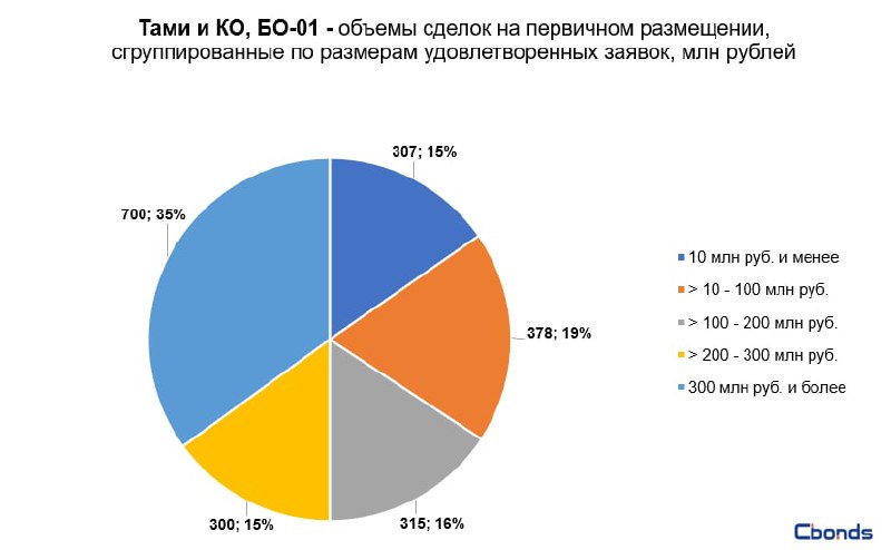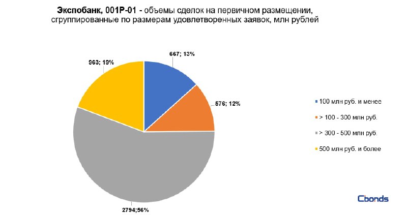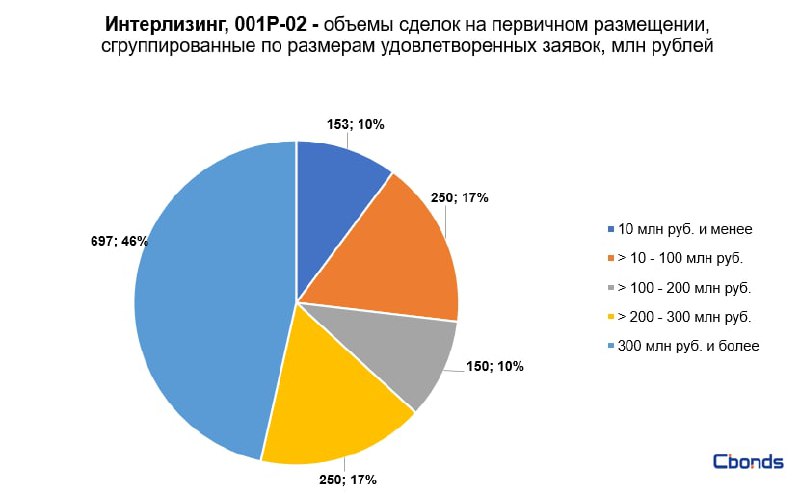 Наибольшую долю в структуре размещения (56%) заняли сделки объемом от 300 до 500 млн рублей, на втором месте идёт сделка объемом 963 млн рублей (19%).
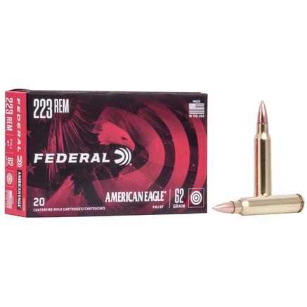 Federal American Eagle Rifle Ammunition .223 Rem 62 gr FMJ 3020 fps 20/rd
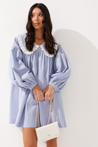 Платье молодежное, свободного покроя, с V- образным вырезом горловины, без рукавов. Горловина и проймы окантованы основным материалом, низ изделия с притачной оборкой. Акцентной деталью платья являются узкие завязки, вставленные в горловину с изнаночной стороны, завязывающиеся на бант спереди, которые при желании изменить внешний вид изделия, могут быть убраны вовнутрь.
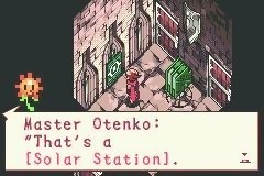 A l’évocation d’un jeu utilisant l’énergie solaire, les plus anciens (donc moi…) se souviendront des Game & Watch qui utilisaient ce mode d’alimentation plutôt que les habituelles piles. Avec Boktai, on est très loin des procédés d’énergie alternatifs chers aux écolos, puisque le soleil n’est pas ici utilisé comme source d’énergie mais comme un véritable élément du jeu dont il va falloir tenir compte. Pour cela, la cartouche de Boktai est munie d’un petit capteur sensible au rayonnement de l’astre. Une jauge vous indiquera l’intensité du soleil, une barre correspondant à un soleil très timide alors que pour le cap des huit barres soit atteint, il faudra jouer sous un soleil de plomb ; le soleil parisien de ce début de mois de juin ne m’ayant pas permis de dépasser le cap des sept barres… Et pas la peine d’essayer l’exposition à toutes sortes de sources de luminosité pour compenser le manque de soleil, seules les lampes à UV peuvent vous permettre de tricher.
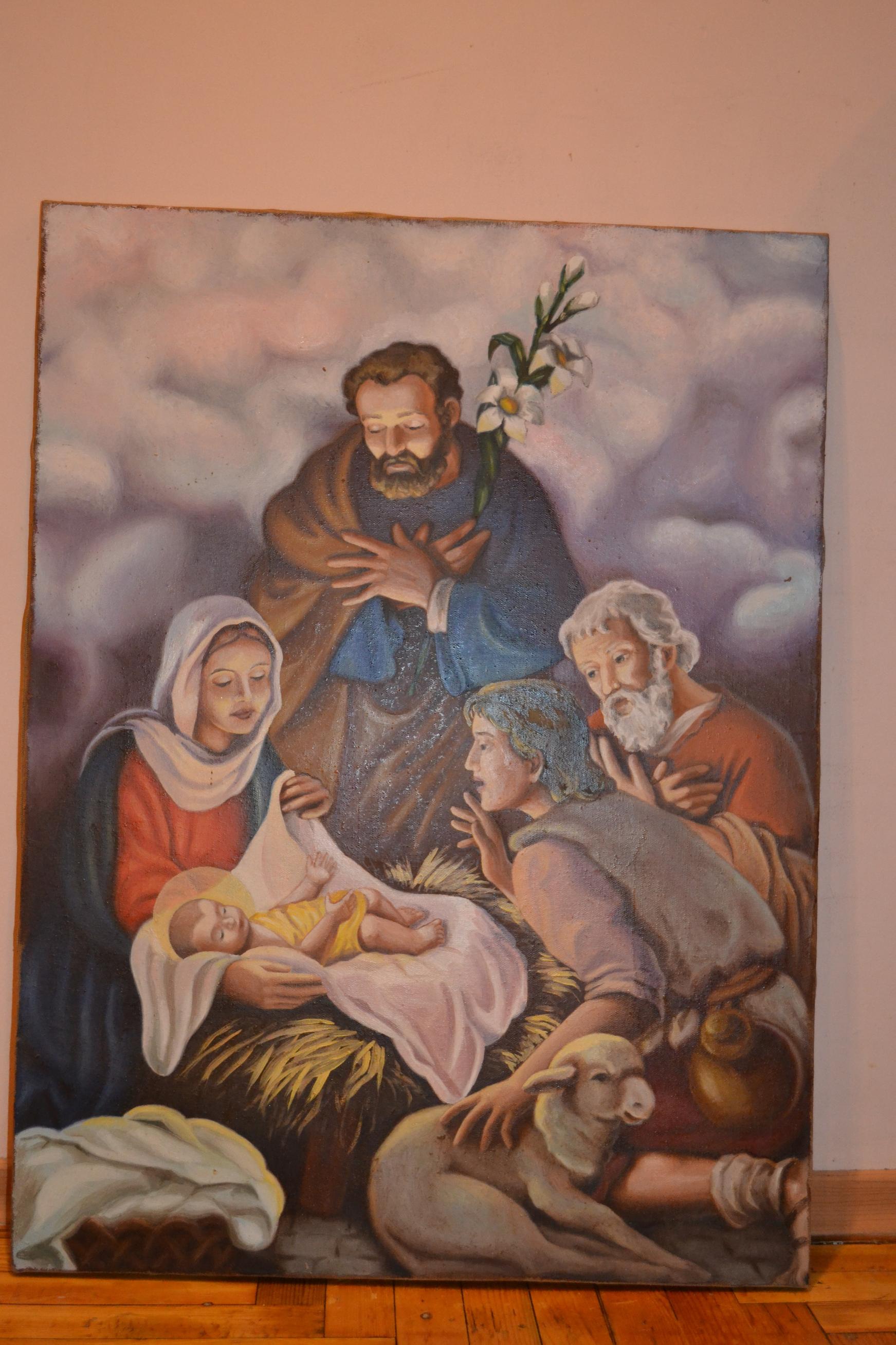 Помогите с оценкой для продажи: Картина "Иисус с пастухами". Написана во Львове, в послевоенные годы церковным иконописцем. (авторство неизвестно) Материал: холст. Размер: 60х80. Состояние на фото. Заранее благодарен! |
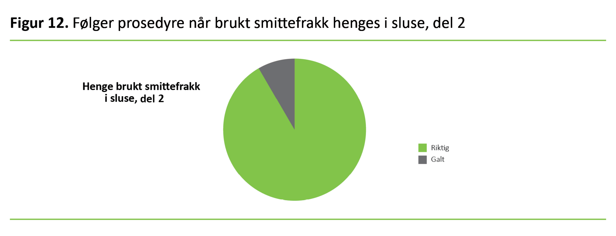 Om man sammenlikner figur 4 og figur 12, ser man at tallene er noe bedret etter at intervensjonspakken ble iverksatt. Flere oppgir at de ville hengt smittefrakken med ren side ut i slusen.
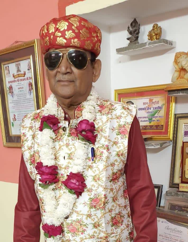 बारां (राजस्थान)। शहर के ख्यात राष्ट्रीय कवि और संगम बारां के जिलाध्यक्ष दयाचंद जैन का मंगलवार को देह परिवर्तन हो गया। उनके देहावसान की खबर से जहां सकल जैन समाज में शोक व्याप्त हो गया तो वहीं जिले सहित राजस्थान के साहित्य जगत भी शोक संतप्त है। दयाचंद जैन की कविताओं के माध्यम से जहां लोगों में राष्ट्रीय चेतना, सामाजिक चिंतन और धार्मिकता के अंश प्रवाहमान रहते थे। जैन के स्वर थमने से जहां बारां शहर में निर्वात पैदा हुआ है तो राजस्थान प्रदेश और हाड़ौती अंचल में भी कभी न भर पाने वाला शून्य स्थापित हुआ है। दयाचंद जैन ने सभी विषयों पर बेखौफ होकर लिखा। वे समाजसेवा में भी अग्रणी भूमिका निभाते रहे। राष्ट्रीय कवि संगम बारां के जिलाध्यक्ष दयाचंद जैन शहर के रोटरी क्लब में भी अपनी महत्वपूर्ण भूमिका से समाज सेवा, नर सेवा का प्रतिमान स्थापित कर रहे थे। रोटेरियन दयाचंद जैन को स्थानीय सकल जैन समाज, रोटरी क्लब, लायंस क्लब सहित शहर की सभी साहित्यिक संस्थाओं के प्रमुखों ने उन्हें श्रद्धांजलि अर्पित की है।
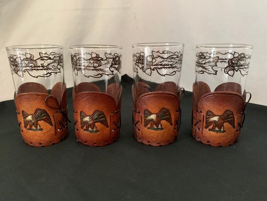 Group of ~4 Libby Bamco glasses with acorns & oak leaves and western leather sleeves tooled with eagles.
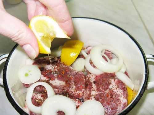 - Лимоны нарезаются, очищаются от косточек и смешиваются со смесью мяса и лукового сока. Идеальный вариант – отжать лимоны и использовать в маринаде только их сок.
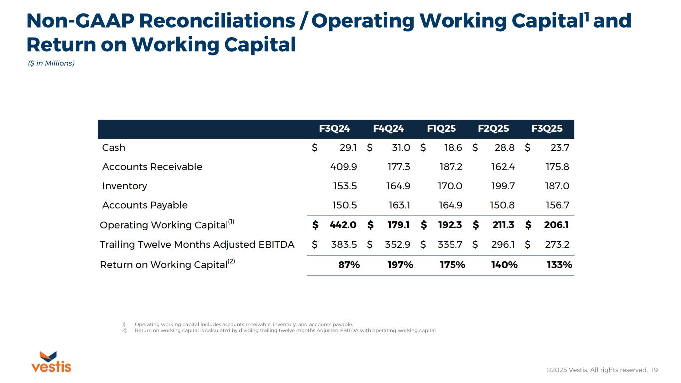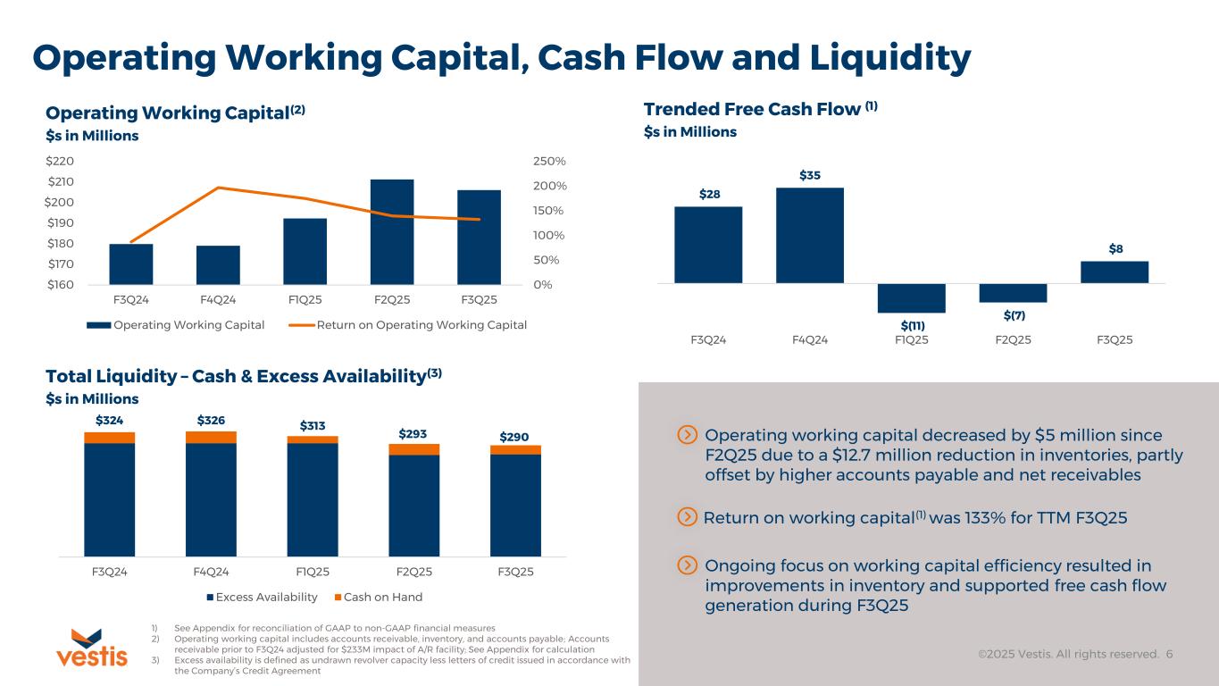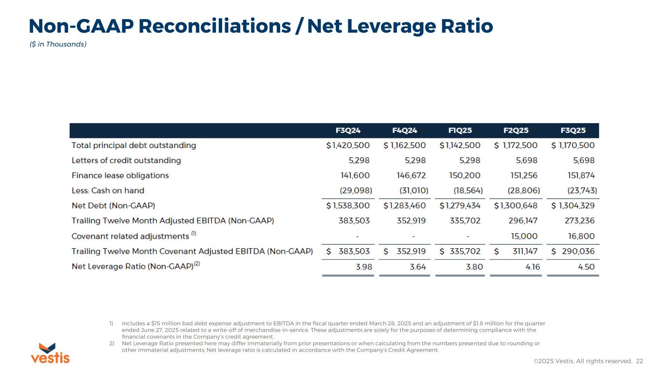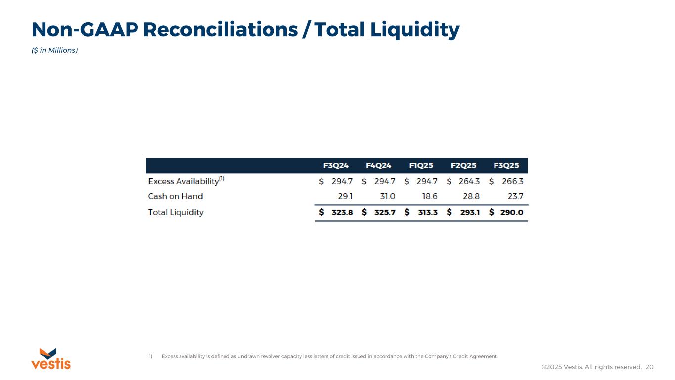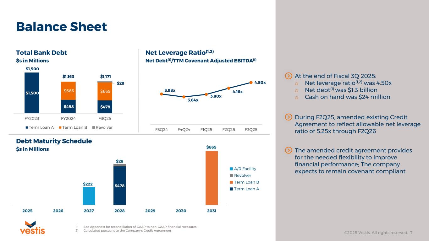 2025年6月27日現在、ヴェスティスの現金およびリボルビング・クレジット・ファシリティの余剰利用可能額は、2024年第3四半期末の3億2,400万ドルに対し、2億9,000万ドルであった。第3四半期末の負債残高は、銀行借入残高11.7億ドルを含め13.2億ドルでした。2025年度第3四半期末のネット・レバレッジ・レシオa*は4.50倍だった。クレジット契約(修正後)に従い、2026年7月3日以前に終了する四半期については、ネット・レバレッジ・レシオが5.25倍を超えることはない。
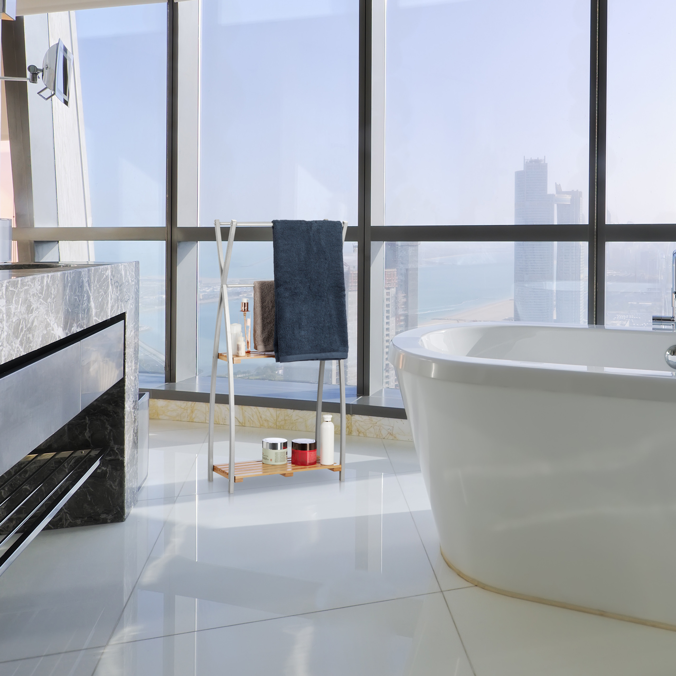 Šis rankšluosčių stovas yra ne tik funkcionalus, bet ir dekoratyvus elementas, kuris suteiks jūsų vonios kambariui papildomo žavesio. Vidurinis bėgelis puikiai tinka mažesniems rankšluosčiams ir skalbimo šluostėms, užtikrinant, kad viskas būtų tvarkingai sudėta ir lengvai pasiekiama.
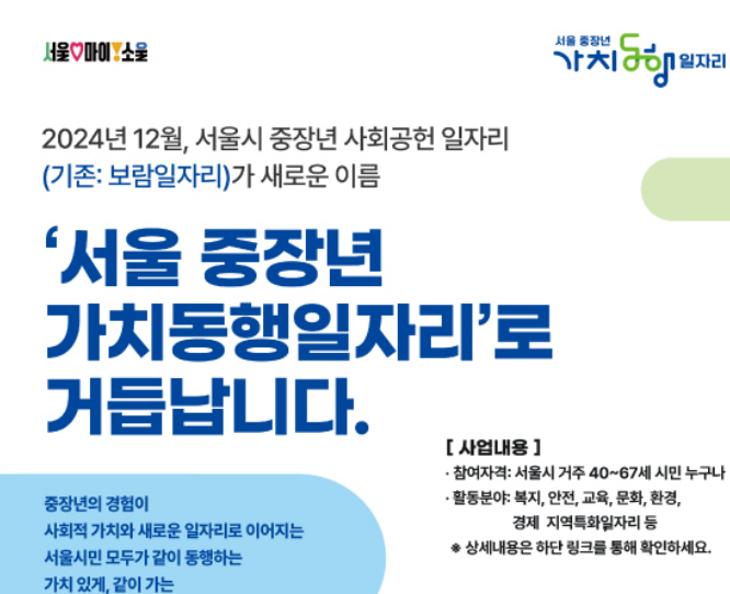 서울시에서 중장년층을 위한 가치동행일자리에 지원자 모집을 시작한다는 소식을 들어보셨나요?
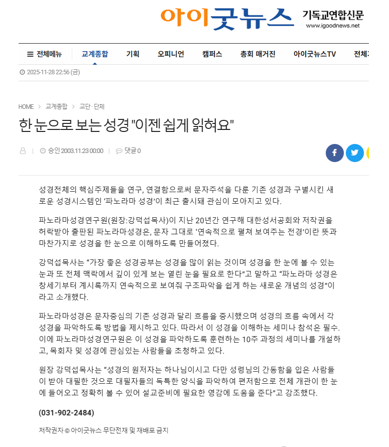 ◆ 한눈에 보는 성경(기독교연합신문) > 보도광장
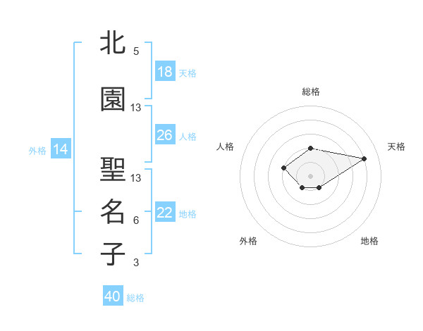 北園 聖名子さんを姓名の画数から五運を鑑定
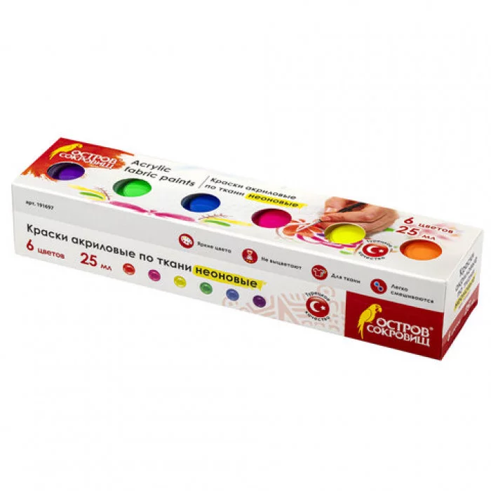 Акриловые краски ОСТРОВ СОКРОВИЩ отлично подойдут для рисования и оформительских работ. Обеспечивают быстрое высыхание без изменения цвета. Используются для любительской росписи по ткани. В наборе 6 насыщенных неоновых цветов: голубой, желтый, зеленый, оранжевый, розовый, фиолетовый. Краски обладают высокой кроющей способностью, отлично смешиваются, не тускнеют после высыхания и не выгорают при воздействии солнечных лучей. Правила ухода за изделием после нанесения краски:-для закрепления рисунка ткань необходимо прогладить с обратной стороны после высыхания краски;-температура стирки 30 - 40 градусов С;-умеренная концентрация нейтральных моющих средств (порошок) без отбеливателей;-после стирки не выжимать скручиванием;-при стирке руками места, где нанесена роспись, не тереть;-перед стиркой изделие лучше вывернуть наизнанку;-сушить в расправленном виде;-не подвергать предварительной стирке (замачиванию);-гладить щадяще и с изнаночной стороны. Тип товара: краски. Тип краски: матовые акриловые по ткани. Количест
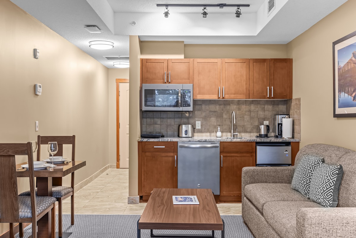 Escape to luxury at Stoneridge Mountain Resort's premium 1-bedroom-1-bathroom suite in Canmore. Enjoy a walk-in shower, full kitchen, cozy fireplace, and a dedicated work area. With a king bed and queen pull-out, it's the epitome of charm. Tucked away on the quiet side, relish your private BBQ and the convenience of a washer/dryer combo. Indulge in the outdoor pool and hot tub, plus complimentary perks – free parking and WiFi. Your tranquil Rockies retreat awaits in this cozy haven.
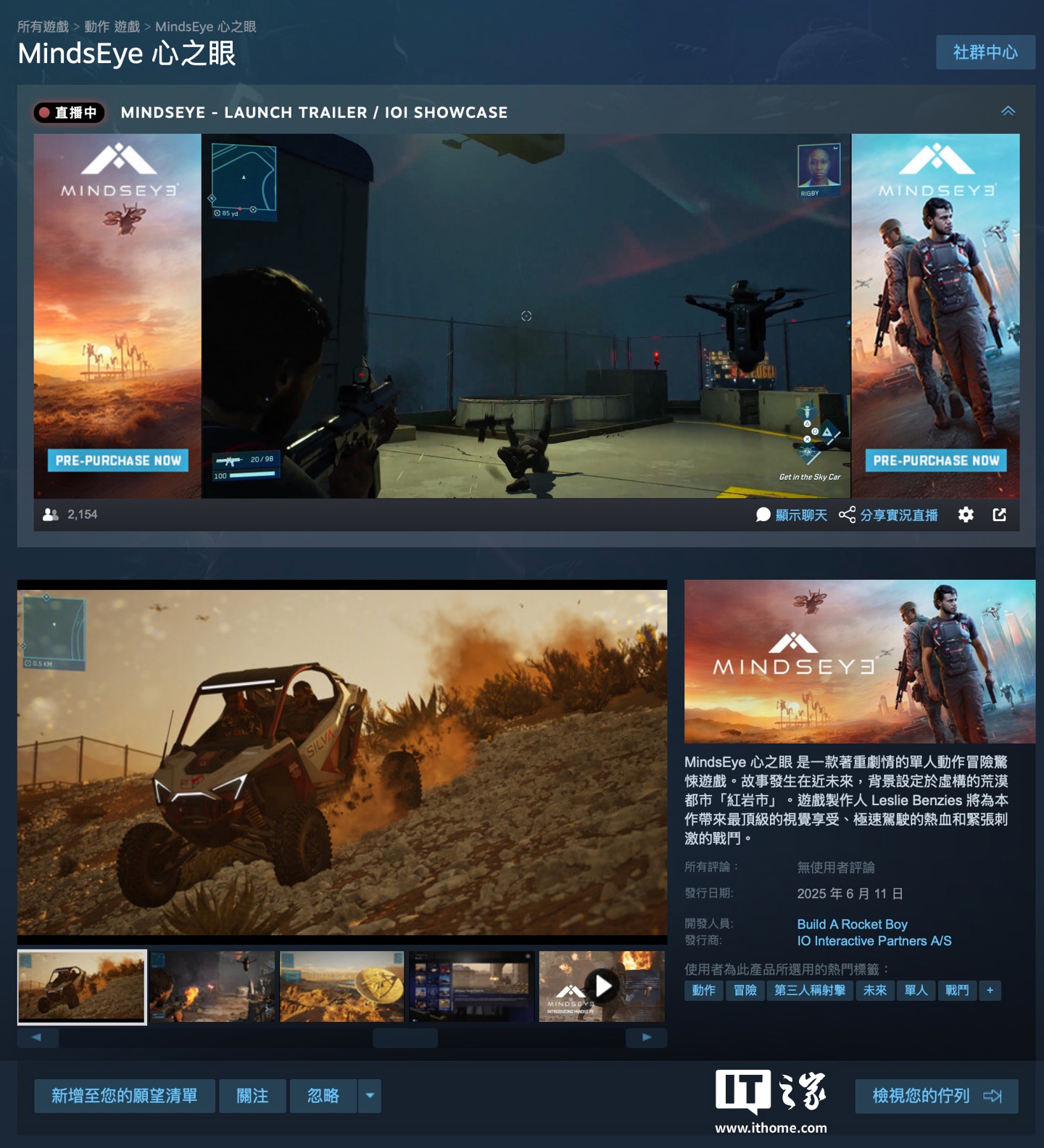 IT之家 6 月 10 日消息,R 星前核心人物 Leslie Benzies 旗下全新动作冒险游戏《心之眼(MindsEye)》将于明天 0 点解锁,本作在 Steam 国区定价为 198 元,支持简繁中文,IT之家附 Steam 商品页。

—————

*TASK OBJECTIVE*
Retype, exactly and with no pictures, everything above from the line with "Помогите с оценкой" down to the line with "Om man sammenlikner", both included.

*ANSWER FOR THE TASK*
 Помогите с оценкой для продажи: Картина "Иисус с пастухами". Написана во Львове, в послевоенные годы церковным иконописцем. (авторство неизвестно) Материал: холст. Размер: 60х80. Состояние на фото. Заранее благодарен! |
 Om man sammenlikner figur 4 og figur 12, ser man at tallene er noe bedret etter at intervensjonspakken ble iverksatt. Flere oppgir at de ville hengt smittefrakken med ren side ut i slusen.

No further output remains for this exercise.